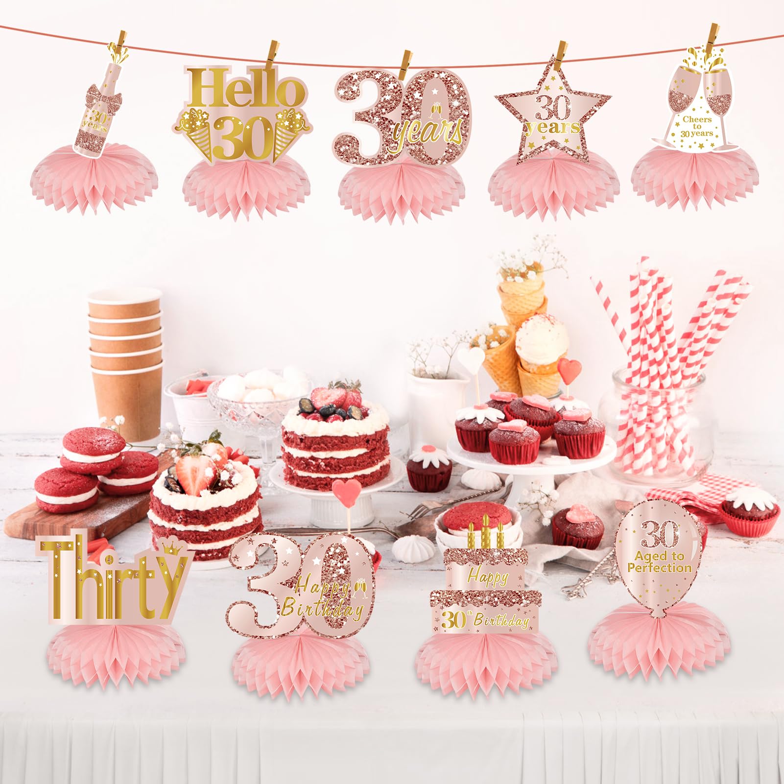 [Applicable to] - It is very suitable for your 30th birthday table decorations. You can place these pink gold decorations in the middle of the table, or you can use a clip to hang them in the desired place to add atmosphere to the birthday party.
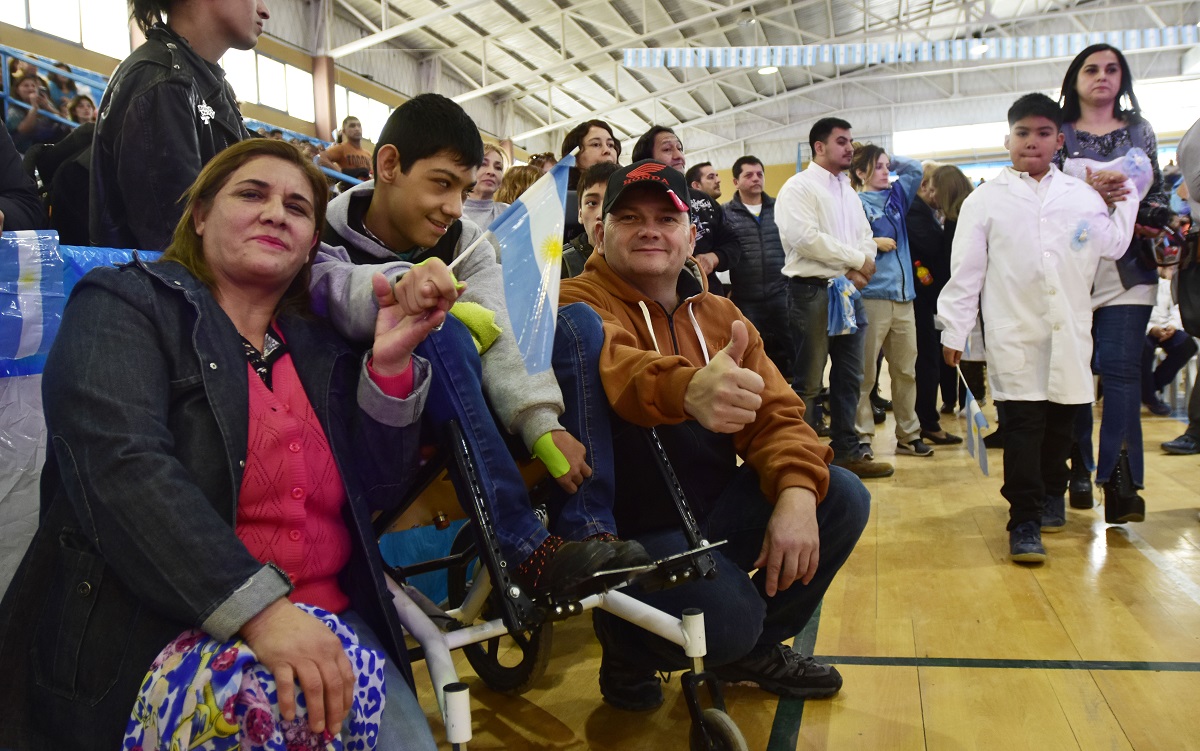 Un emotivo y masivo acto se realizó en el polideportivo ubicado en la calle Alfredo Palacios 946, de la localidad. Alrededor de 700 alumnos y alumnas juraron lealtad y respeto a la bandera argentina.
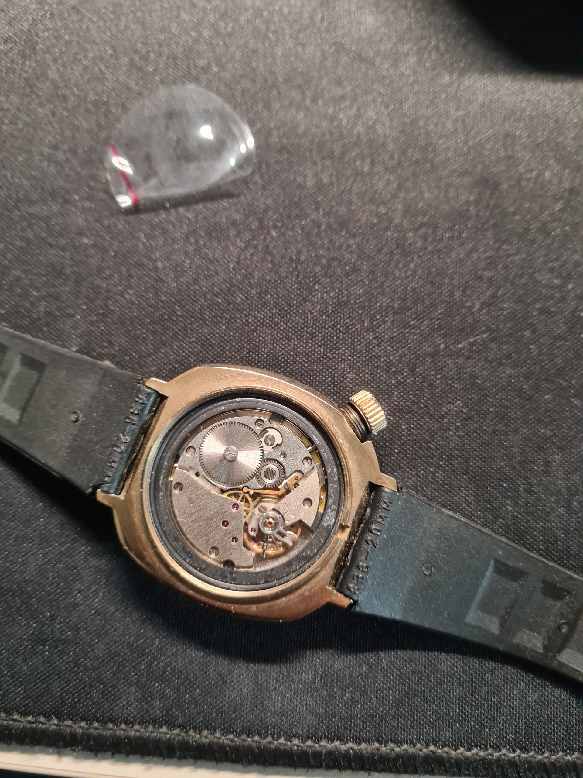 Hij liep niet en ik kon hem niet opwinden. Toen kwam ik er achter dat hij wel begon te lopen als je de kroon helemaal uittrok en in een bepaalde hoek hield. Open gemaakt en het grote tandwiel van het opwindmechanisme zat los, de schroef zat er gelukkig nog wel in.
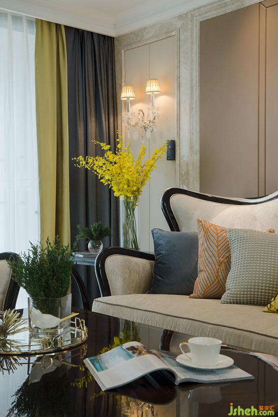 客廳小景,邊幾上的黃色植物和窗簾形成很好的呼應關(guān)系。

= = = = = = =

● **PROBLEM DETAILS**
Please restate the whole listing exactly, without any of its pictures.

● **OUTPUT FOR THIS EXERCISE**
 [Applicable to] - It is very suitable for your 30th birthday table decorations. You can place these pink gold decorations in the middle of the table, or you can use a clip to hang them in the desired place to add atmosphere to the birthday party.
 Un emotivo y masivo acto se realizó en el polideportivo ubicado en la calle Alfredo Palacios 946, de la localidad. Alrededor de 700 alumnos y alumnas juraron lealtad y respeto a la bandera argentina.
 Hij liep niet en ik kon hem niet opwinden. Toen kwam ik er achter dat hij wel begon te lopen als je de kroon helemaal uittrok en in een bepaalde hoek hield. Open gemaakt en het grote tandwiel van het opwindmechanisme zat los, de schroef zat er gelukkig nog wel in.
 客廳小景,邊幾上的黃色植物和窗簾形成很好的呼應關(guān)系。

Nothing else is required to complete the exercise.